Isotopic survey of diagenetic carbonates, at DSDP Leg 63 Holes

Authigenic carbonates, principally calcium-rich dolomites, with extremely variable isotopic compositions were recovered in organic-rich marine sediments during Leg 63 drilling off southern California and Baja California. These carbonates occur as thin layers in fine-grained, diatomaceous sediments and siliceous rocks, mostly deposited during the Neogene. A combination of textural, geochemical, and isotopic evidence indicates these dolomites formed as cements and precipitates in shallow subsurface zones of high alkalinity spawned by abundant CO2 and methane production during progressive microbial decay of organic matter. Depths and approximate temperatures of formation estimated from oxygen isotopes are 87 to 658 meters and 10°C to 50°C, respectively. Within any sedimentary section, dolomites may form simultaneously at several depths or at different times within the same interval. Highly variable carbon isotopes (-30 to +16 per mil) reflect the isotopic reservoir in which the carbonates formed. Oxidation of organic matter through microbial reduction of sulfate at shallow depths favors light-carbon carbonates such as those at Sites 468 and 471; heavy-carbon carbonates at Site 467 most likely formed below this zone where HC**12O3**- is preferentially removed by reduction of CO2 to methane during methanogenesis. An important controlling factor is the sedimentation rate, which dictates both the preservation of organic matter on the sea floor and depth distribution of subsurface zones of organic-matter decay.

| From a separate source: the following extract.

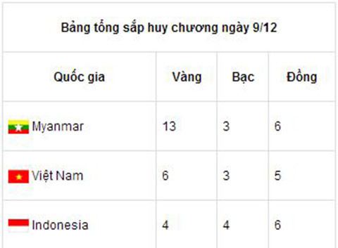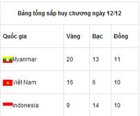 6 HCV trong ngày thi đấu 13/12 nhưng Việt Nam đã bị Indonesia và Thái Lan bám sát. Một ngày thi đấu tiêu biểu cho câu nói "chúng ta tốt nhưng đối phương còn tốt hơn". Mặc dù vậy, Việt Nam vẫn giữ được vị trí thứ 2 với 22 HCV, kém Myanmar 4 HCV.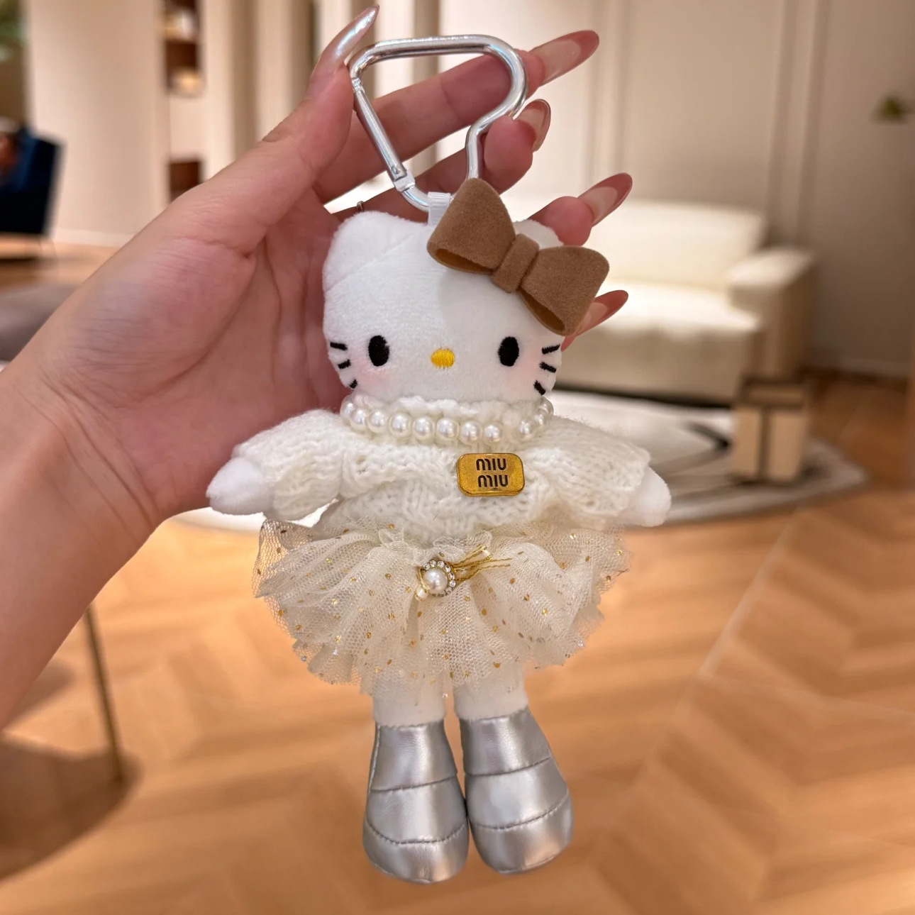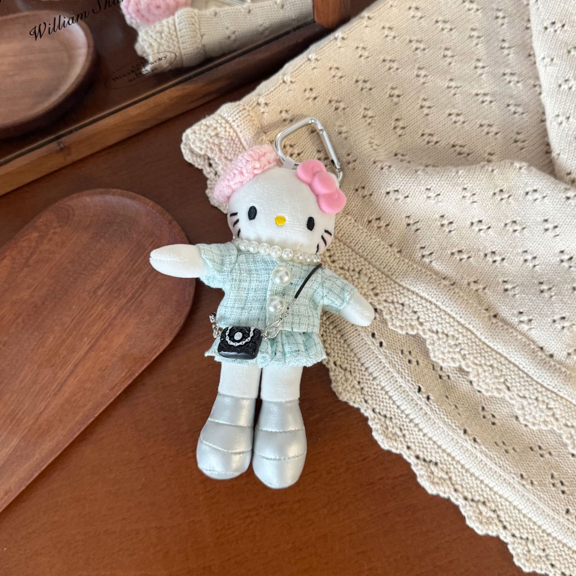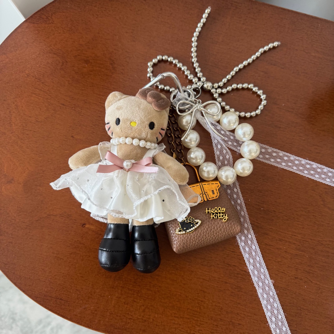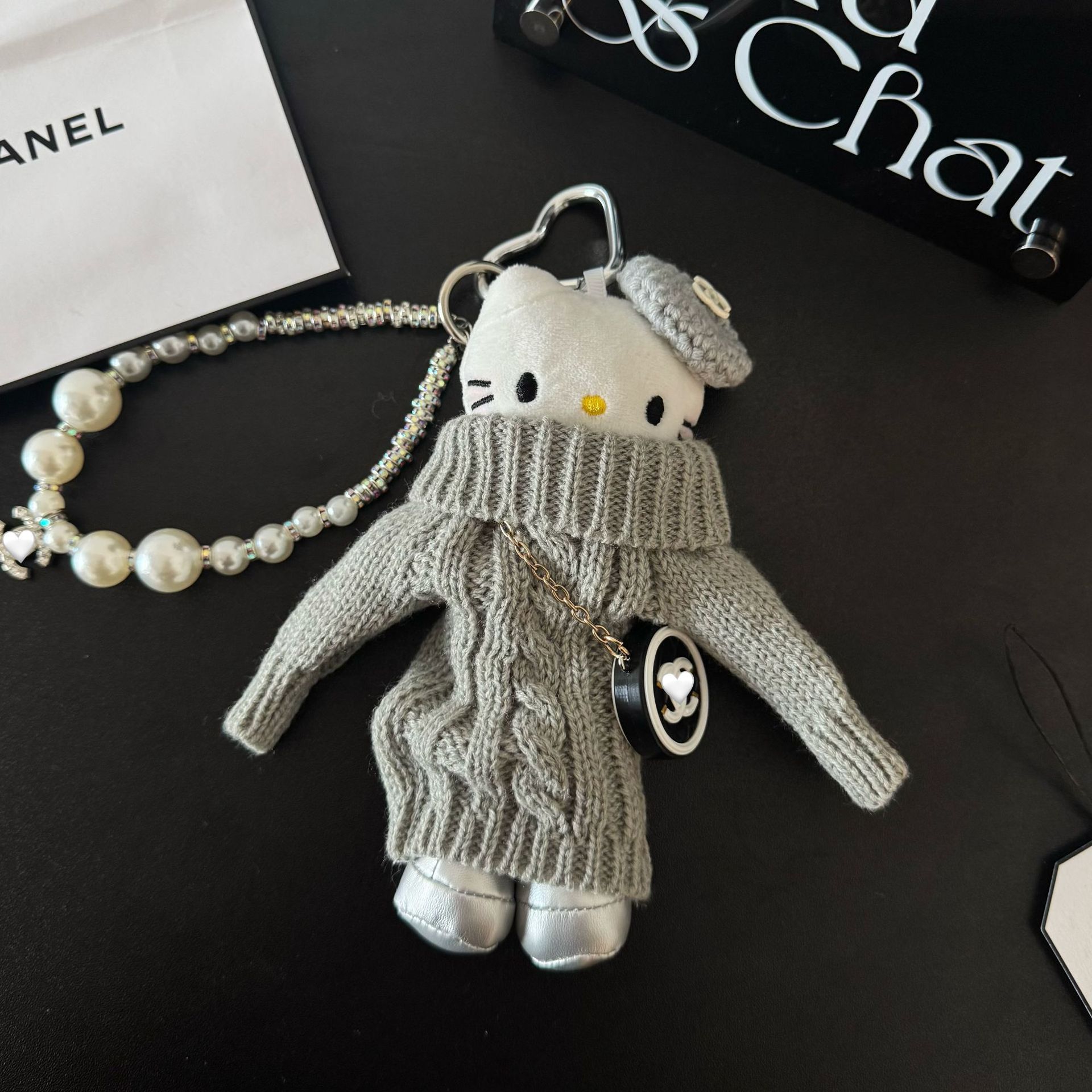 새로운 귀여운 긴 다리 키티 플러시 펜던트 스커트 드레스 아기 옷 ins 스타일 인형 펜던트 배낭 키 체인스토어 가기

Geochemistry of hydrate gas and water at DSDP Hole 84-570

Molecular and isotopic measurements of gas and water obtained from a gas hydrate at Site 570, DSDP Leg 84, are reported. The hydrate appeared to be Structure I and was composed of a solid framework of water molecules enclosing methane and small amounts of ethane and carbon dioxide. Carbon isotopic values for the hydrate-bound methane, ethane, and carbon dioxide were -41 to about -44, -27, and -2.9 per mil, respectively. The d13C-C1 values are consistent with void gas values that were determined to have a biogenic source. A significant thermogenic source was discounted because of high C1/C2 ratios and because the d13C-CO2 values in these sections were also anomalously heavy (or more positive) isotopically, suggesting that the methane was formed biogenically by reduction of heavy CO2 . The isotopically heavy hydrate d13C-C2 is also similar to void gas isotopic compositions and is either a result of low-temperature diagenesis producing heavy C2 in these immature sediment sections or upward migration of deeper thermogenic gas. The salinity of the hydrate water was 2.6 per mil with dDH2O and d18OH2O values of +1 and +2.2 per mil, respectively.